Neurosis – Given To The Rising
Neurosis
Neurot Recordings
Je ne sais pas comment ils font. Un vent qui sent le soufre auprès des fans. Ça ne sent pas bon, diront les météorologues avertis. Un groupe qui n’a plus rien à prouver, et qu’une certaine pression fait qu’on attend toujours le nouvel album comme le messie animiste, alors que des jeunes loups ont déjà dépecé une partie du festin. « Given To The Rising » est un peu une manière de passer sous compresseur vingt ans de carrière, et de le sortir sous une enveloppe qui claque. Même si la pochette est aussi fascinante que rigolote, c’est bien l’angoisse qui étreint. Un album somme ? Ça sent la panne sèche. Je ne sais pas comment ils font. Bien sûr, Neurosis, c’est avant tout une affaire personnelle. Ça ne concerne pas un groupe de personnes mais une seule, celle qui écoute. Eh bien, profitons-en pour les différencier, les classer ces auditeurs-là, prototypes.

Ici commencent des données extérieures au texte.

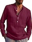 בגדי ריקוד גברים חולצה חולצת פשתן חולצת צווארון להקה חולצת קיץ ביגוד חוף צבע אחיד רחוב הוואי כחול בהיר יין אדום שחור לבן שרוול ארוך קולר קיץ אביב ביגוד

Les fans absolus de la période 90 par exemple, qui ne peuvent avoir d’érection ectoplasmique qu’avec les albums s’arrêtant à « Times Of grace ». N’oublions pas les fans « hard-de-chez-core », des chamans tatoués à grosse barbe, quelques dents en moins, même s’ils font caca sur la moquette, c’est forcément génial. Il y ceux qui détestent, ils ont essayé, n’ont jamais compris et ne s’en portent pas plus mal. Et puis, les déçus, ceux qui achètent quand même ou attendent le promo. Ils cracheront leurs fiels telluriques en commentaire de bas de page avant d’être oubliés.
Comment font-ils ? Si on détruit un album avec des mots, on se retrouve avec un contrat sur la tête. Ça en fait des morts. « Given To The Rising » peut sembler le cul entre deux chaises, ouais. Car ce qui lui fait le plus mal, c’est sa position historique et sa scission de fans dont finalement on se tape le coquillard. Une expérience personnelle, et tout le monde veut la mettre comme étant universelle. Rien n’est universel si ce n’est de le penser. Alors oui, ça sent encore la tornade, les riffs lourds de chez lourds qui ECRASENT, la suspension d’ambiance, les climats qui se renouvellent, bouillonnants, cassants, dronisants, fracturants. Les voix reniflant le granit, les épaules qui se plient, les triturages atmosphériques, pesants, étranges. De l’abstraction à douze mains, une ambiance crépusculaire.
Comment font-ils ? C’est captivant autant qu’imprévisible, et ça se bonifie avec le temps. Encore un ! Neurosis, c’est un piège, un cellier de textures où les constructions implacables mûrissent, donnant cette impression d’avoir été mis en bouteille et sur le marché trop tôt ou trop tard. Un soupçon de déjà-vu, de cliché peut-être, mais. Bon sang qu’est-ce que ça ramone ! Il y en a pour tous les goûts, et aucun. Et le temps passe… Comment font-ils Bordel !!?!?